Autores principais:Bargas, Vasco Miguel Inácio Brigas
Assunto:Banking Machine Learning Finance Explainable Artificial Intelligence SDG 9 - Industry, innovation and infrastructure SDG 16 - Peace, justice and strong institutions
Ano:2024
País:Portugal
Tipo de documento:dissertação de mestrado
Tipo de acesso:acesso aberto
Instituição associada:Universidade Nova de Lisboa
Idioma:inglês
Origem:Repositório Institucional da UNL
Descrição
Resumo:The adoption of Artificial Intelligence in the financial sector has brought numerous quality of life improvements on internal procedures and on decision making processes.
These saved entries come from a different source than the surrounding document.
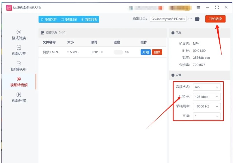 确认所有设置无误后,点击软件右上角的【开始转换】按钮,软件将自动启动视频转音频的转换程序。等待转换过程完成。
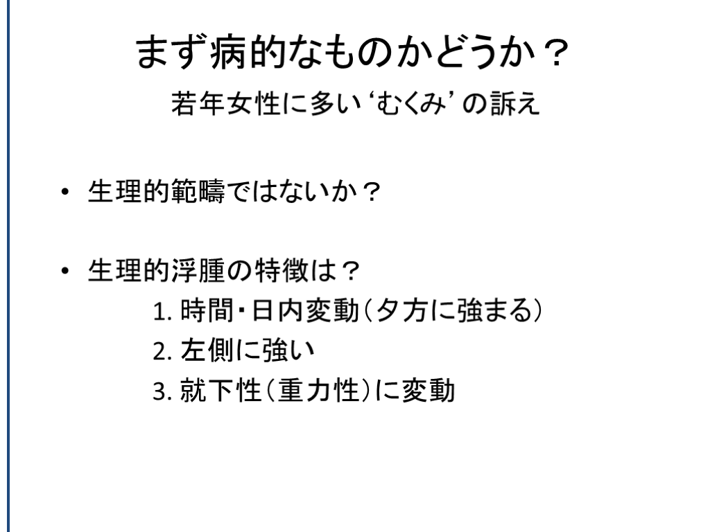#3. まず病的なものかどうか?若年女性に多い‘むくみ’の訴え 生理的範疇ではないか?
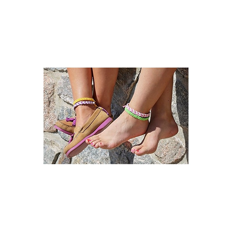 This anklet is fully adjustable and should fit most ankles, opening up to about 12 inches and is a dainty 1/4 inch wide. Made out of braided cotton cord with the ends whipped in a narrower cotton cord. Available in 10 Nautical color choices - red, blue, tan, navy, gray, brown, green, white, black, yellow

This adoption means that AI systems actively have a say on decisions that can affect people’s lives. Meanwhile, most AI systems are opaque, casting doubts and uncertainty regarding the usage of these systems to make impactful decisions. This thesis focuses on using Explainable Artificial Intelligence (XAI) techniques and algorithms to provide explanations to an AI system’s decision and the steps it took to get there. Through a detailed literature review where the current state of XAI in the financial sector is revised and a practical use case where the LIME and SHAP algorithms are tested against an AI system developed to predict a person’s credit risk, this study tests the applicability of XAI techniques for explaining an AI system. The results suggest that the implementation of XAI techniques can provide a satisfactory degree of explainability to a model, demystifying its decision making processes.